Assignment:
Under this line are the records; repeat exactly the lines starting at the one containing "tout en affichant" and ending at the one containing "随后,志愿者们结合生动形象的", omitting pictures.

Supplied material:
=-=-=-=-=

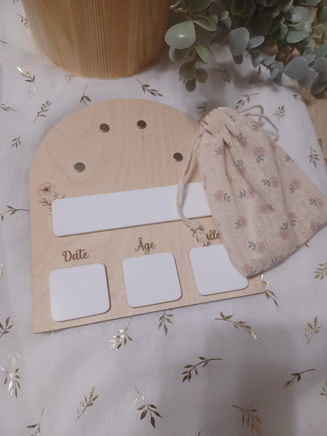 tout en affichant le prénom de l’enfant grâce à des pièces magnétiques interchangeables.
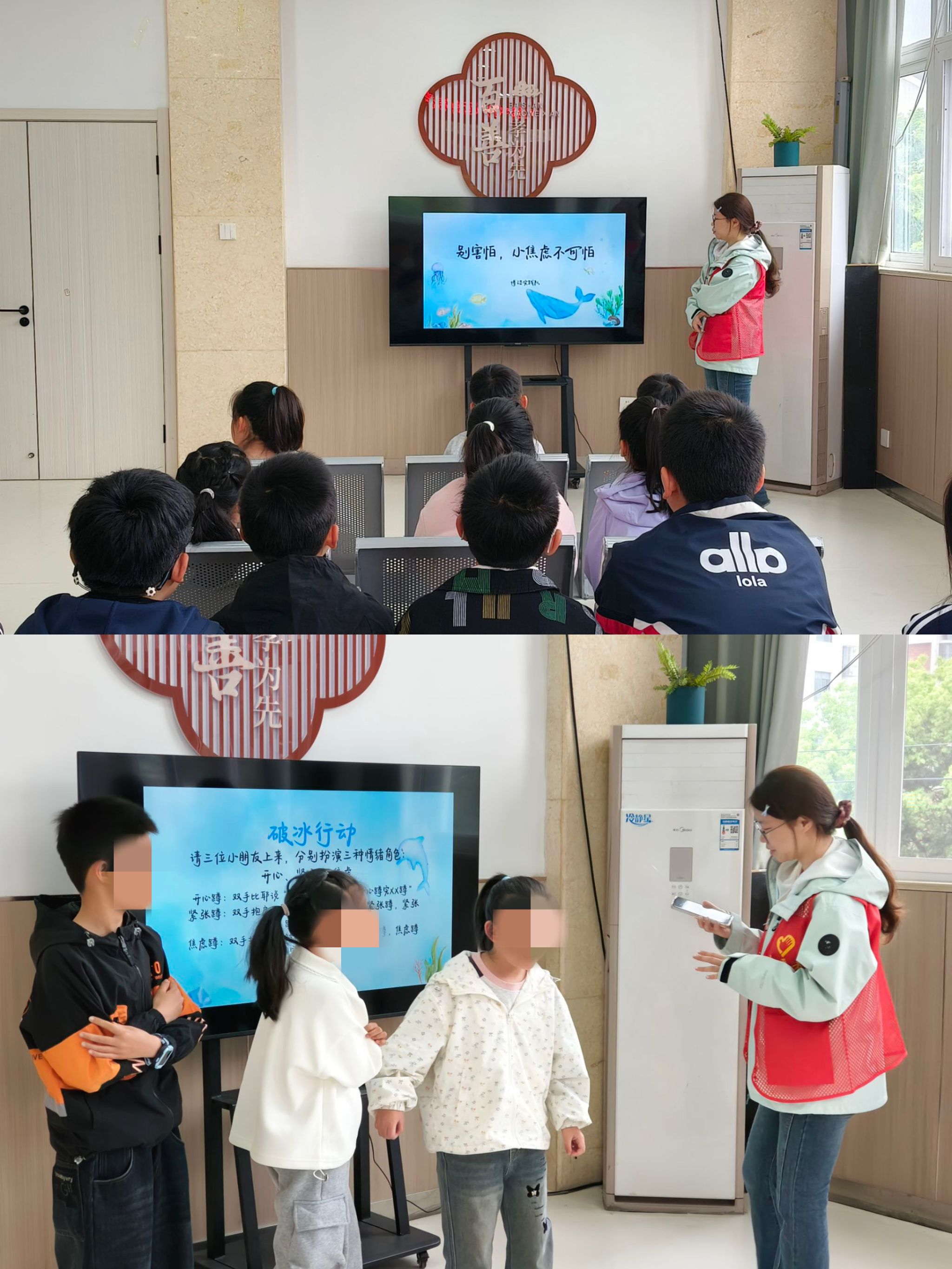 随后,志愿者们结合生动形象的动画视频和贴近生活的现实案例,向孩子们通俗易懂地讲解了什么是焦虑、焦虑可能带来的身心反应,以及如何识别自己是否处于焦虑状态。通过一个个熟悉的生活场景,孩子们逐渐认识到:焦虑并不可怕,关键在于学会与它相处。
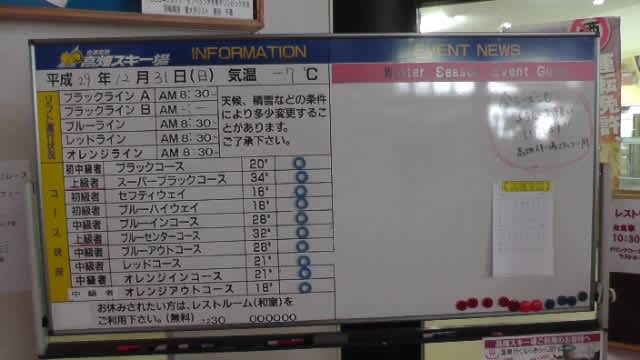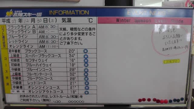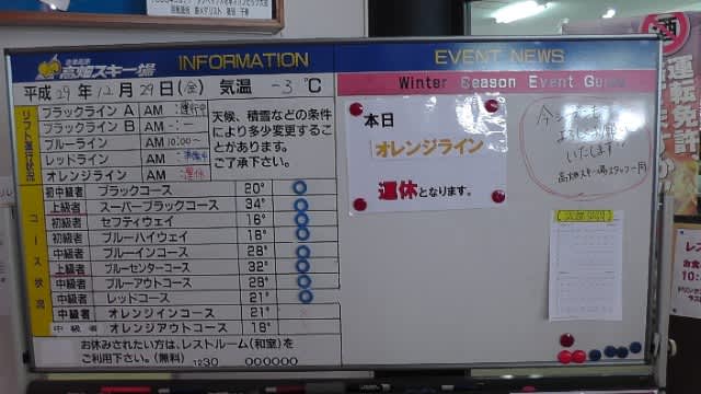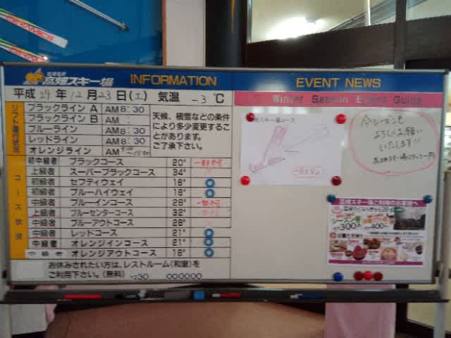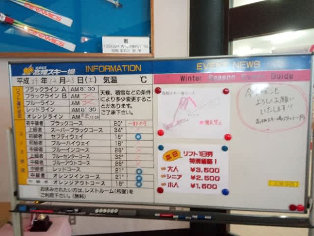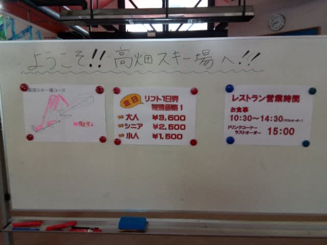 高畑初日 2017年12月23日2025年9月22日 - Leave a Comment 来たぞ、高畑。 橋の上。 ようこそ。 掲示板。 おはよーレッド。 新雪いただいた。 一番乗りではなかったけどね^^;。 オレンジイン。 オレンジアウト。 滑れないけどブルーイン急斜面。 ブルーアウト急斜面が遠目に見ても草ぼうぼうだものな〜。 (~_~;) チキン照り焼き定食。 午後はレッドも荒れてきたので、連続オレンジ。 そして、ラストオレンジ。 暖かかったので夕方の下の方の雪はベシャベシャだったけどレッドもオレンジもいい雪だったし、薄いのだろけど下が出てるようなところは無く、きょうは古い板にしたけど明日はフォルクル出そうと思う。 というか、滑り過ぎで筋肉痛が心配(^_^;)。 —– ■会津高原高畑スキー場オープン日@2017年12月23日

=-=-=-=-=

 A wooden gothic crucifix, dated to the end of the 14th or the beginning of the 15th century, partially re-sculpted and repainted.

=-=-=-=-=

Solution:
 tout en affichant le prénom de l’enfant grâce à des pièces magnétiques interchangeables.
 随后,志愿者们结合生动形象的动画视频和贴近生活的现实案例,向孩子们通俗易懂地讲解了什么是焦虑、焦虑可能带来的身心反应,以及如何识别自己是否处于焦虑状态。通过一个个熟悉的生活场景,孩子们逐渐认识到:焦虑并不可怕,关键在于学会与它相处。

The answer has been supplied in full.